Freespace II (heh, I *am* replaying that, with jazzy new graphics thanks to its terrific modding community).

And Wizard's Crown... which had the best battle system out of any CRPG. It was the basis for the --dumded dumb-- system found in the old SSI Gold Box D&D games. Hasn't been topped yet, IMHO, for sheer amount of tactical choices presented.


----------



## Thanee (Aug 3, 2007)

StarCraft !! 

Shadowrun (SNES)

Desperados

Phantasie III - The Wrath of Nikademus

Jagged Alliance 1 & 2

Fallout 1 & 2

Day of the Tentacle

Atomic Bomberman

Knights of the Old Republic (maybe not classic enough yet to qualify)

Bye
Thanee


----------



## Lockridge (Aug 3, 2007)

Rodrigo Istalindir said:
			
		

> Hell, there's tons of games I'd love to play again if they updated the graphics and left the gameplay the same.

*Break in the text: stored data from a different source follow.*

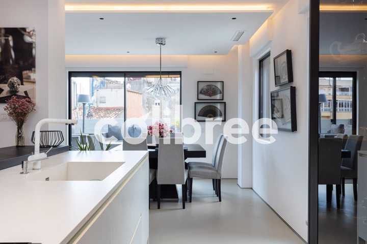 Reforma completa del 2018, el inmueble se compone de 2 habitaciones, una de ellas con baño, un pequeño estudio y un segundo baño y lavadero. La vivienda tiene un total de 120 m2 más la ya mencionada terraza. El piso es muy luminoso y confortable. Cocina integrada en salón, suelos de microcemento con calefacción radiante, aire acondicionado por conductos. Incluidas en el precio dos plazas de parking en finca, una simple y una doble con muy buen acceso y maniobrabilidad.
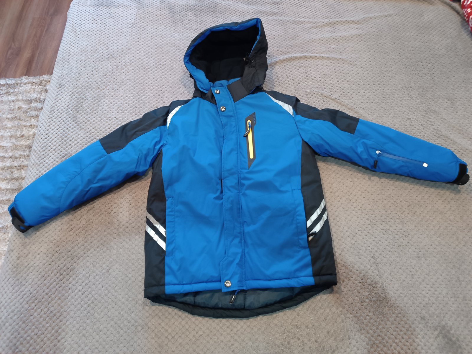 Nepoužitá. Kupovaná min. jeseň v Poľsku , ale keďže bola mierna zima, syn ju nechcel nosiť a už mu je malá.. Veľmi tepla. Na foto vidno detaily, vrecka 2x vnútorné, 3x vonkajšie + ďalšie na ľavom rukáve. Kapucňa sa dá odopnut. Kvalitný materiál. Zn. Nh Collection
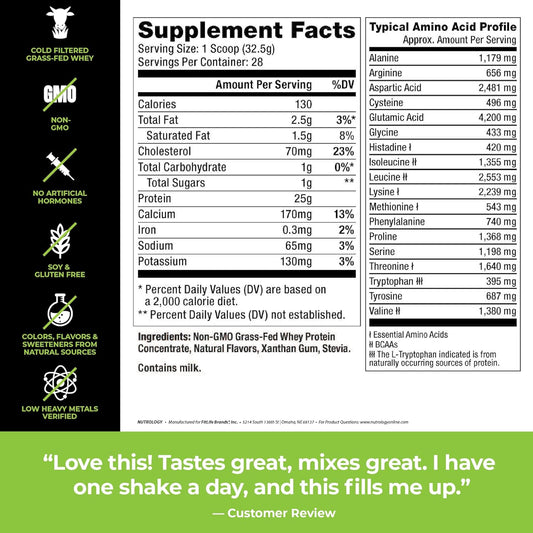 Nutrology Grass Fed Whey Protein Powder: Lean Muscle Recovery & Performance Support, Vanilla Ice Cream & Orange Coconut (58 Servings)

Thats the essence of the question.  Is there a game in your past that was so enjoyable that you WOULD go back and play without updated graphics?  If there is such a game then it probably has a special quality such as sound, atmosphere, personality or maybe it just makes you feel the same way you felt the first time you played it.

I'm hoping to find a few suggestions from others that I either didn't play the first time or just haven't thought about again.


----------



## Croesus (Aug 3, 2007)

Lockridge said:
			
		

> Is there a game in your past that was so enjoyable that you WOULD go back and play without updated graphics?

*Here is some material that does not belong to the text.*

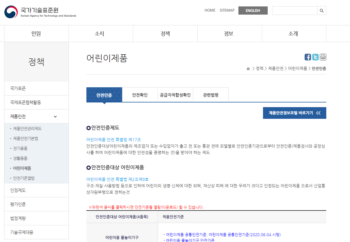 한국기술표준원에서 확인하실수 있는 품목중 어린이제품 관련 내용 입니다.
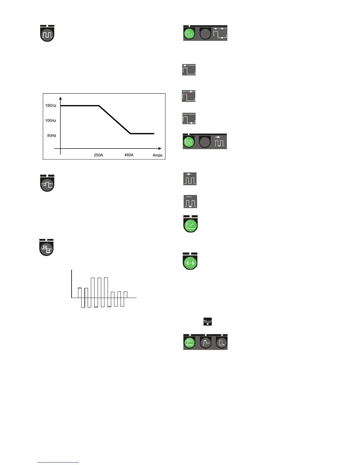 MMA-svetsning kan ställas in från 25 till 100 Hz. Det

*Wasteland*. It has been on every PC I've owned for the past 15 years or more. Just a couple months ago I figured out how to reset the game, so my current party could go through the whole game all over again. (Not as easy as it sounds - I own the 5 1/4" floppy version.) Loads of fun.

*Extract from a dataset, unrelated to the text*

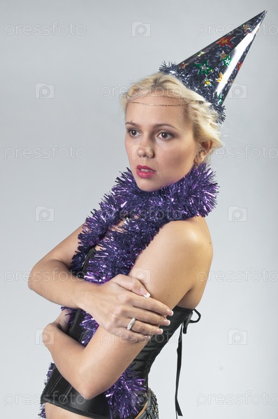 Девушка в праздничном колпаке и мишуре

*Master of Orion II*. Some prefer the first MOO, but for me, MOO2 is a near-perfect 4X game. I still play it now and then.

*Civilization II*. IMO, still the best gameplay of the series. The newer versions look better, but they haven't sucked me in like this one. Still worth playing in place of Civ III and Civ IV.

I did try to re-play Might and Magic I and II a while back, but I just couldn't get past some of the design decisions (such as only saving at the Inn).


----------



## Kem (Aug 3, 2007)

I'd consider Master of Orion 2.

I've been trying to play Bandit Kings of Ancient China. ( )
Also X-Com the first or 2nd.


----------



## Milagroso (Aug 4, 2007)

Descent to Undermountain!!

I still have the game somewhere, but it won't play on any system I have. 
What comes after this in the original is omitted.